[[ Data to examine open ]]
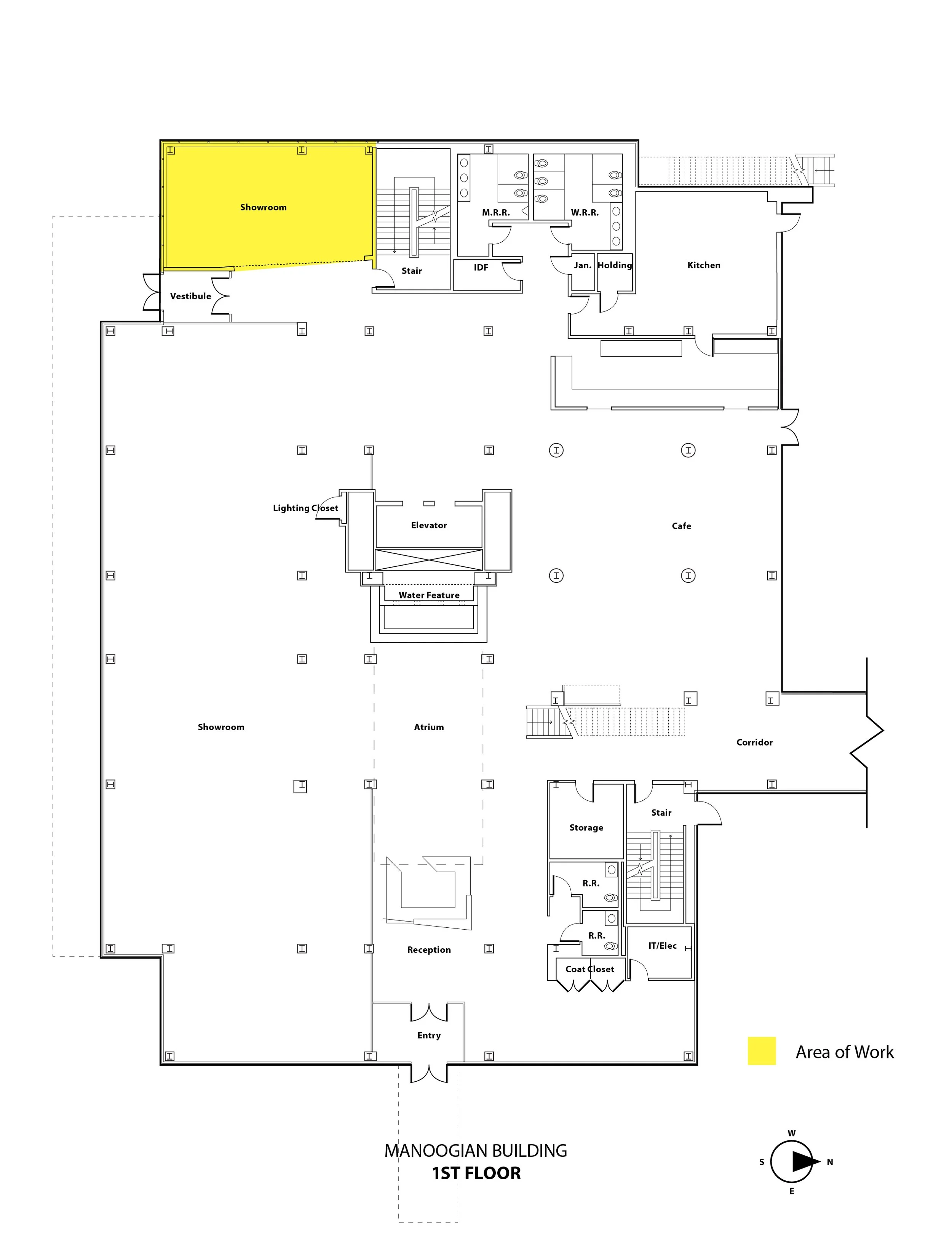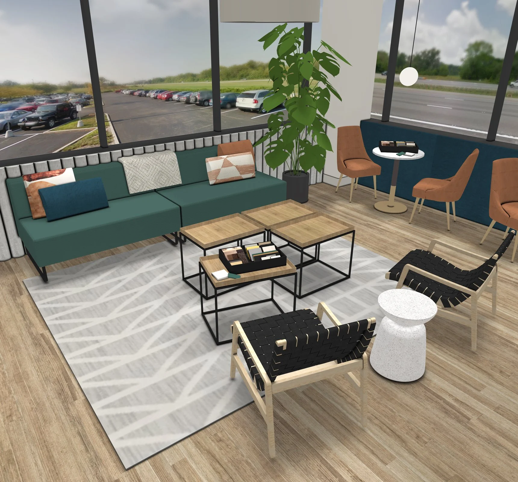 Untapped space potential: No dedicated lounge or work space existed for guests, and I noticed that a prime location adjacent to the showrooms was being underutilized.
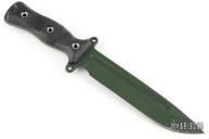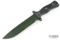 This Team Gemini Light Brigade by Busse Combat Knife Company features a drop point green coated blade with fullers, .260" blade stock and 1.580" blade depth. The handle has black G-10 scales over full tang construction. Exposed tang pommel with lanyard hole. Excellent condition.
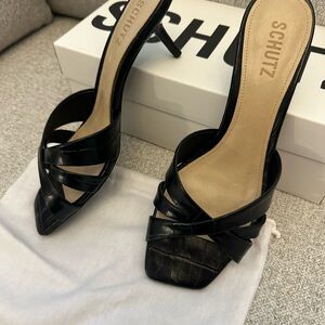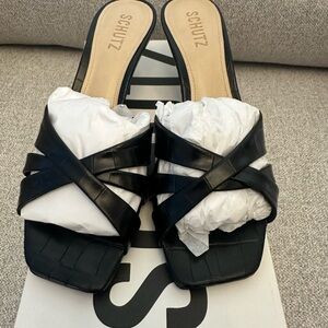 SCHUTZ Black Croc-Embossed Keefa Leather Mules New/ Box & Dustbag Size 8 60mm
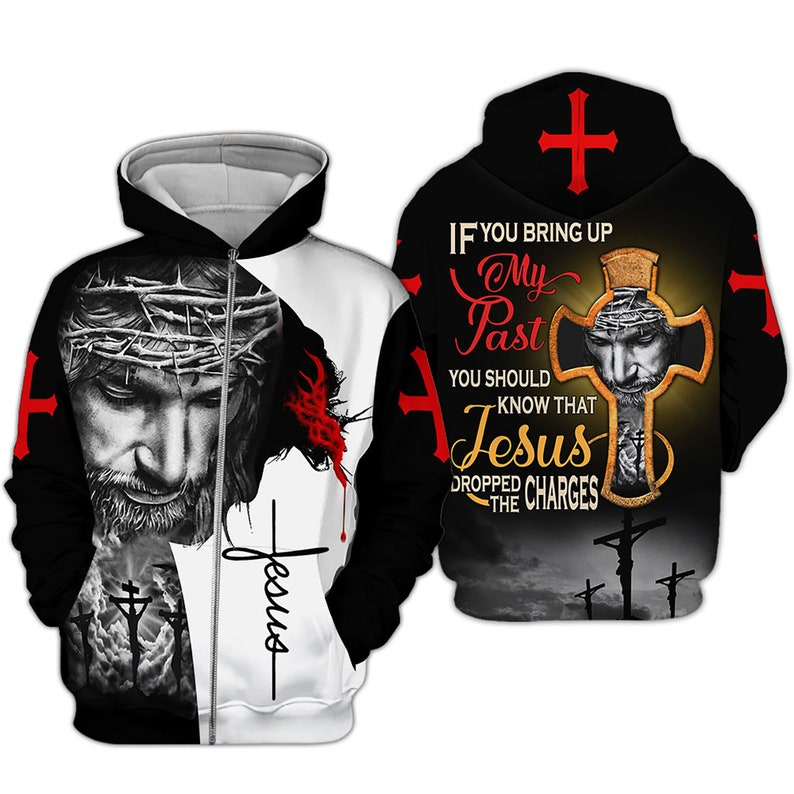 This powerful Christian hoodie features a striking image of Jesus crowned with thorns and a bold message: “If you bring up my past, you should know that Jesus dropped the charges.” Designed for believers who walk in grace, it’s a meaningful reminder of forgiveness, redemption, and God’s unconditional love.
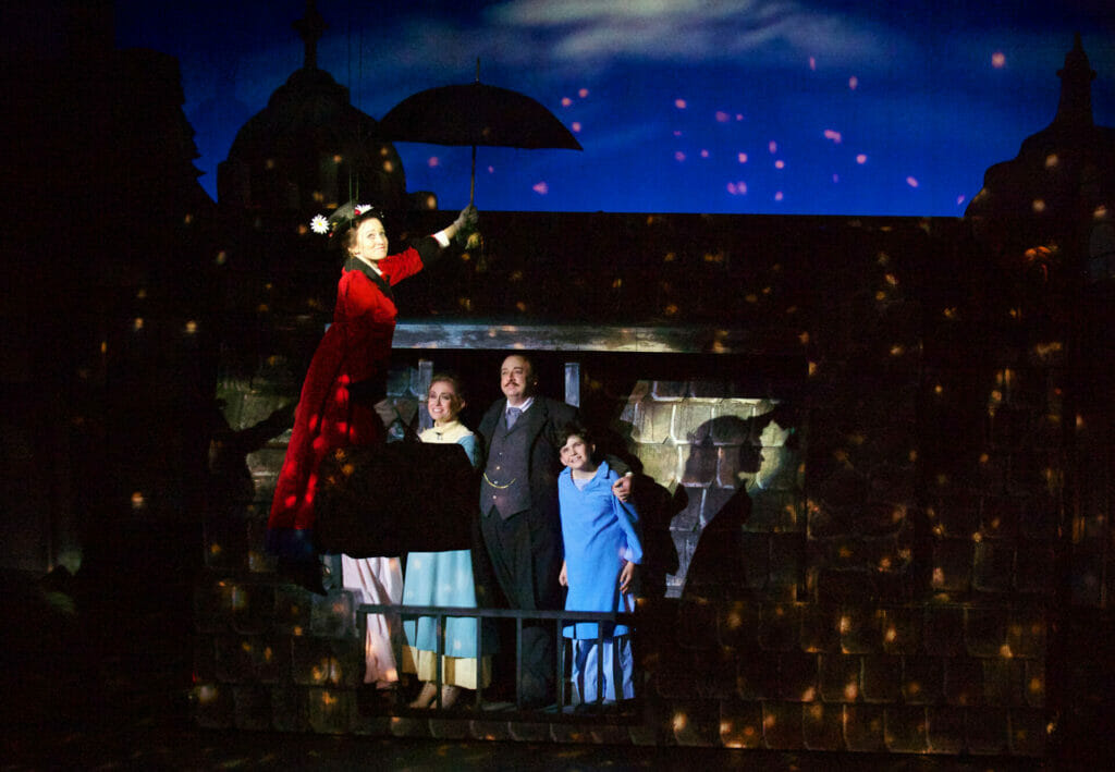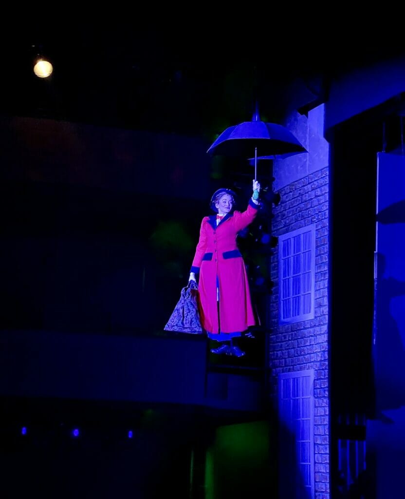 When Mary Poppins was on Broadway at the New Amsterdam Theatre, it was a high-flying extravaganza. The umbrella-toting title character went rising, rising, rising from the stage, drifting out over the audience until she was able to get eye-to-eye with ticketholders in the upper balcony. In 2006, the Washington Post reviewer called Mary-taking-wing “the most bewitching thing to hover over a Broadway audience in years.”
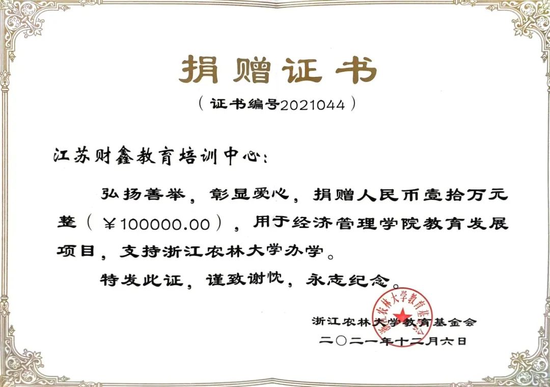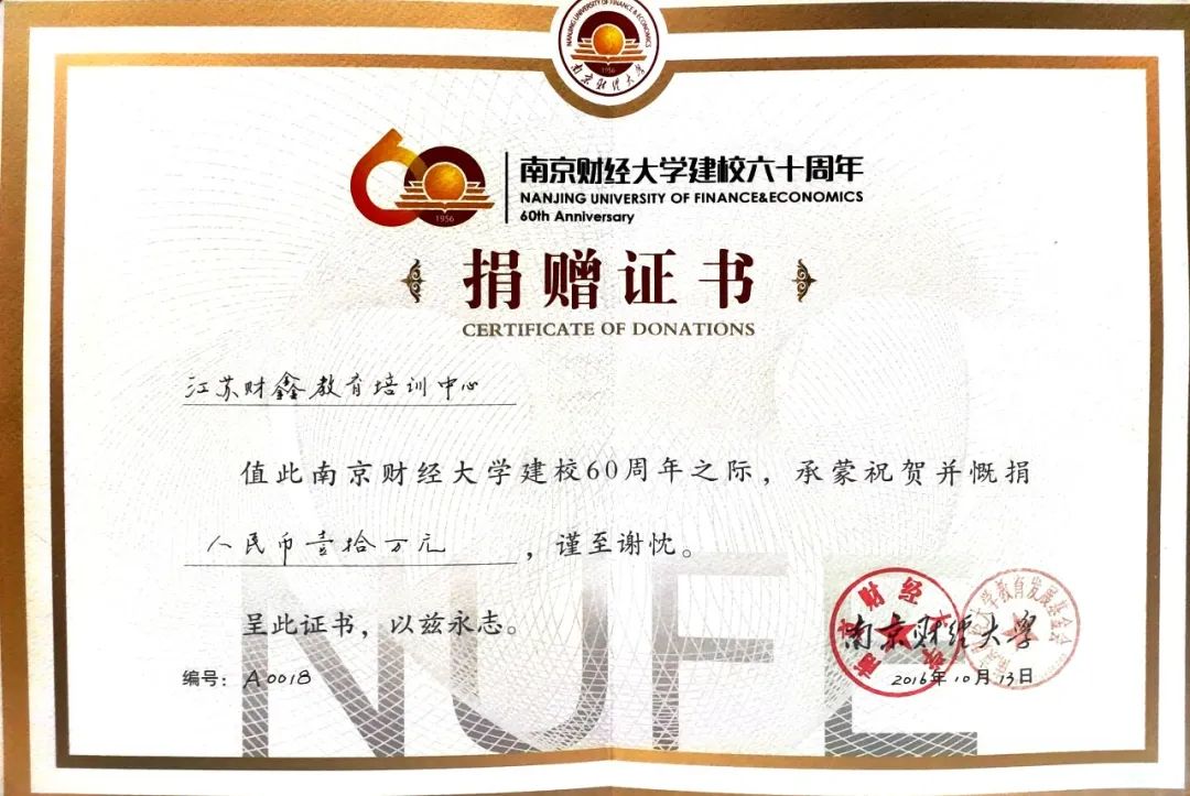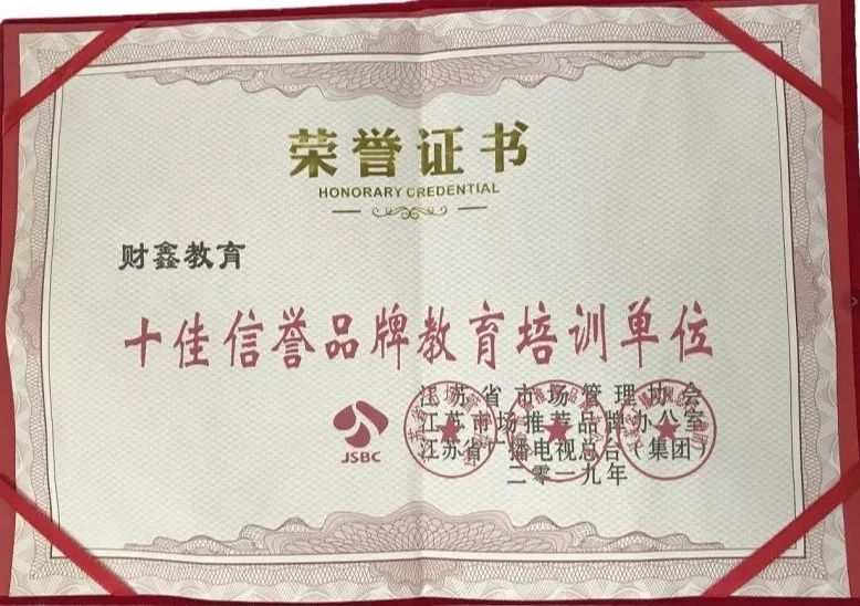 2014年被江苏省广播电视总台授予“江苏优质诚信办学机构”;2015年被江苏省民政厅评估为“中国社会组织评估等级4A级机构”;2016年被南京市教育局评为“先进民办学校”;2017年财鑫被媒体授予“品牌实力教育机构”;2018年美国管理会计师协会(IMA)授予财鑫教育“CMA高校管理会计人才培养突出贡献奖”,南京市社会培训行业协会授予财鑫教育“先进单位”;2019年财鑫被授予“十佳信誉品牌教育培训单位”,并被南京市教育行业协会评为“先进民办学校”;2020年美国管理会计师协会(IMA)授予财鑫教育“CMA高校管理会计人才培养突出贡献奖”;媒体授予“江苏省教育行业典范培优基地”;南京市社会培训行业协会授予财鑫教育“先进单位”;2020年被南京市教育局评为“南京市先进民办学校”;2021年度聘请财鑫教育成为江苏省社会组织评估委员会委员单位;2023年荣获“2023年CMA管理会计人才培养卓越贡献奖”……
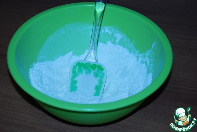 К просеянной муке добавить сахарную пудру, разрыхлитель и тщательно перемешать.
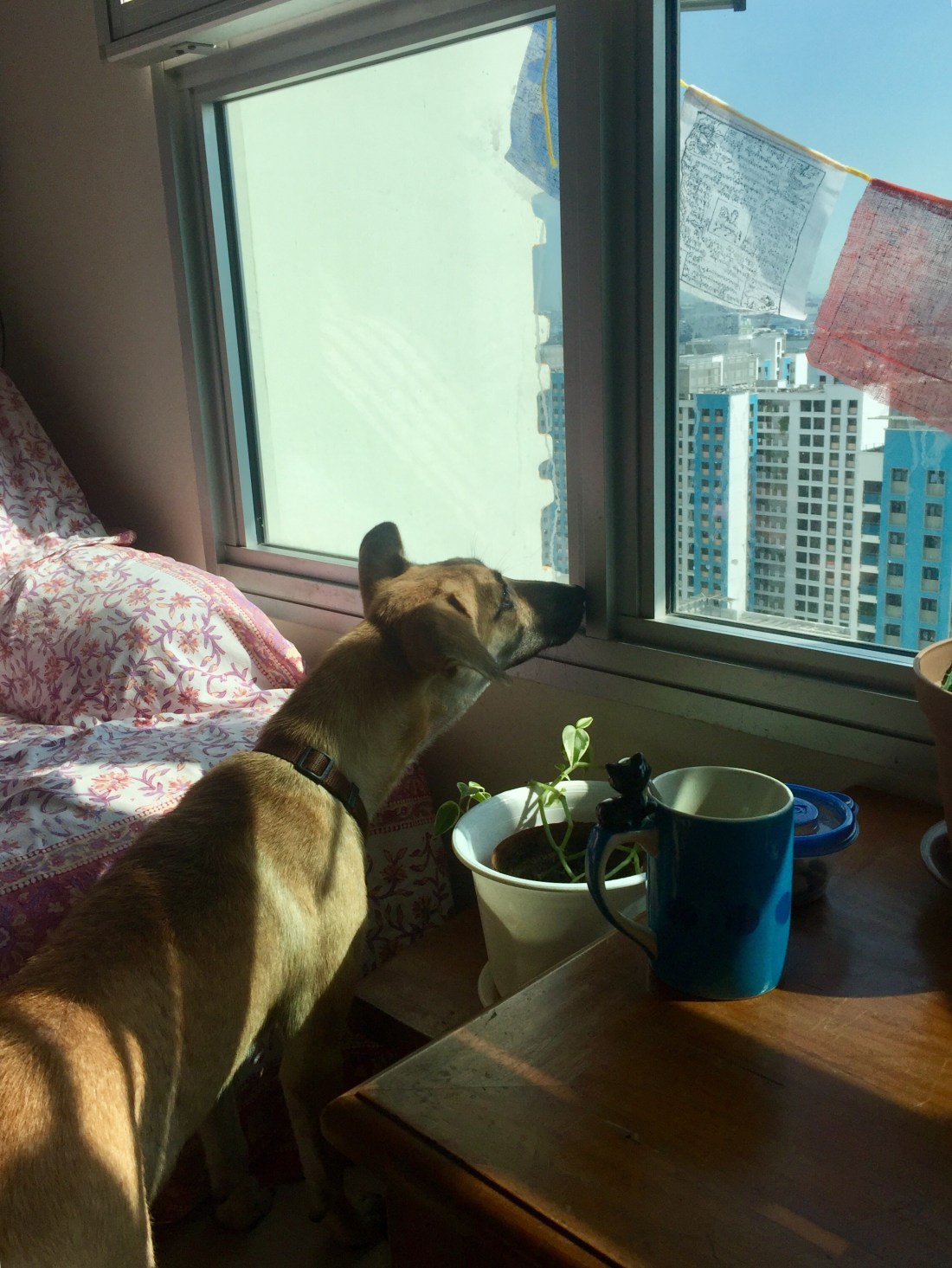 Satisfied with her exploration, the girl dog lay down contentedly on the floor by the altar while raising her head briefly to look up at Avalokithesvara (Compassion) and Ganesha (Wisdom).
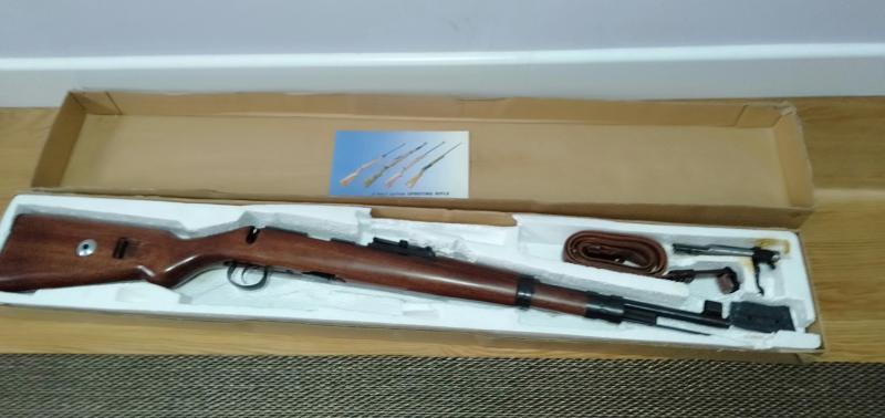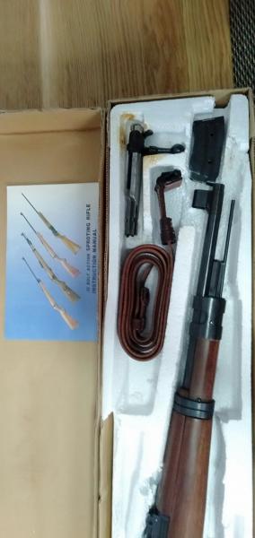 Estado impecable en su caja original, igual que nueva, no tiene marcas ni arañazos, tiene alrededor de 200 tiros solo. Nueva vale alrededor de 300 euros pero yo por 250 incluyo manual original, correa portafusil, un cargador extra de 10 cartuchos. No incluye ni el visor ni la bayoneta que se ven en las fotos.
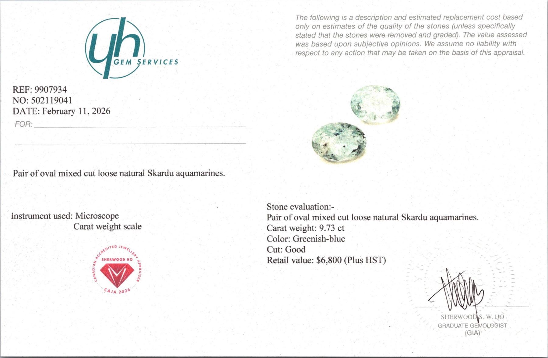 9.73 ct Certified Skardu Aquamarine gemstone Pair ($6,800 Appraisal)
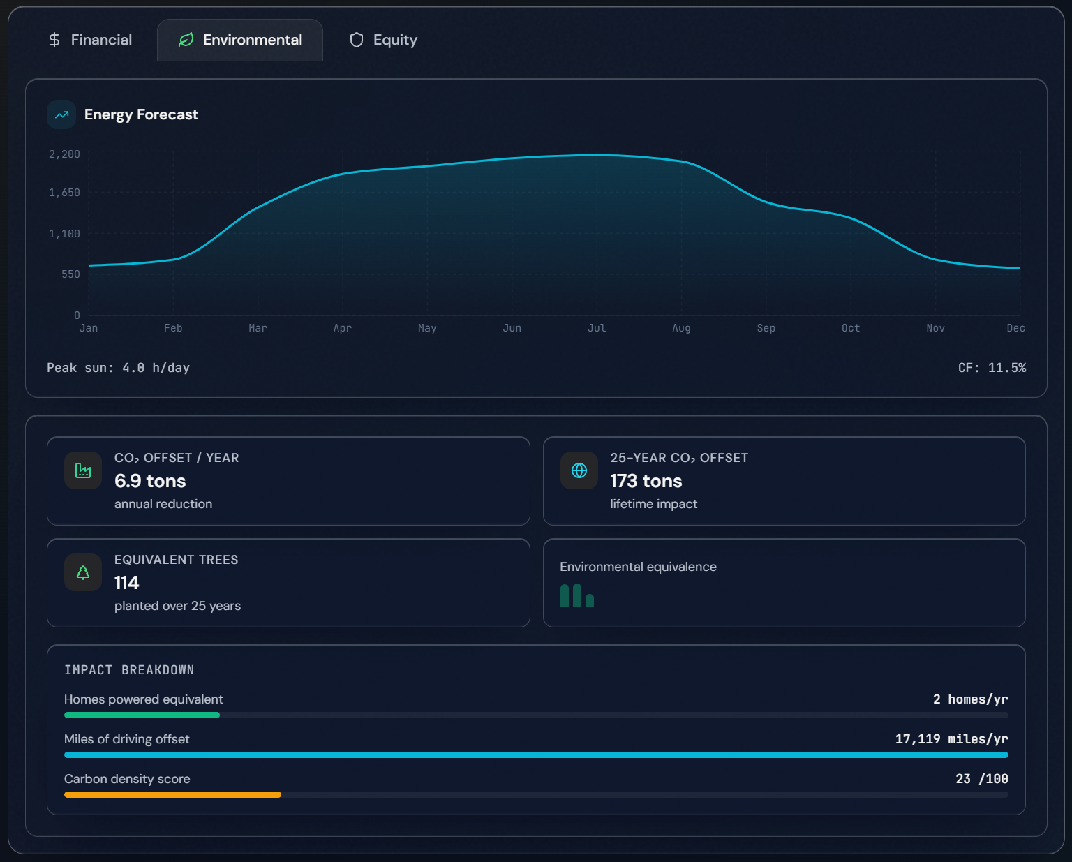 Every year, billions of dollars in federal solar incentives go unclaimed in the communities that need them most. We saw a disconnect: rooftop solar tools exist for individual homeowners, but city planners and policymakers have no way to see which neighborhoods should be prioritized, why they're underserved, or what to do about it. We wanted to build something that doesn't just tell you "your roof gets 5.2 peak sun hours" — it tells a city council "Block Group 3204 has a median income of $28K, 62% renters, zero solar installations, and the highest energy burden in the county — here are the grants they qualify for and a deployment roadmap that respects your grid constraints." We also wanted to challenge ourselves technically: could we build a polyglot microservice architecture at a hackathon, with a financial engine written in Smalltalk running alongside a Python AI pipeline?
[[ Data to examine closed ]]
Every line above from the one with "Estado impecable en" down to the one with "9.73 ct Certified" must be written out exactly, and no picture may appear.

» **Output of the exercise**
 Estado impecable en su caja original, igual que nueva, no tiene marcas ni arañazos, tiene alrededor de 200 tiros solo. Nueva vale alrededor de 300 euros pero yo por 250 incluyo manual original, correa portafusil, un cargador extra de 10 cartuchos. No incluye ni el visor ni la bayoneta que se ven en las fotos.
 9.73 ct Certified Skardu Aquamarine gemstone Pair ($6,800 Appraisal)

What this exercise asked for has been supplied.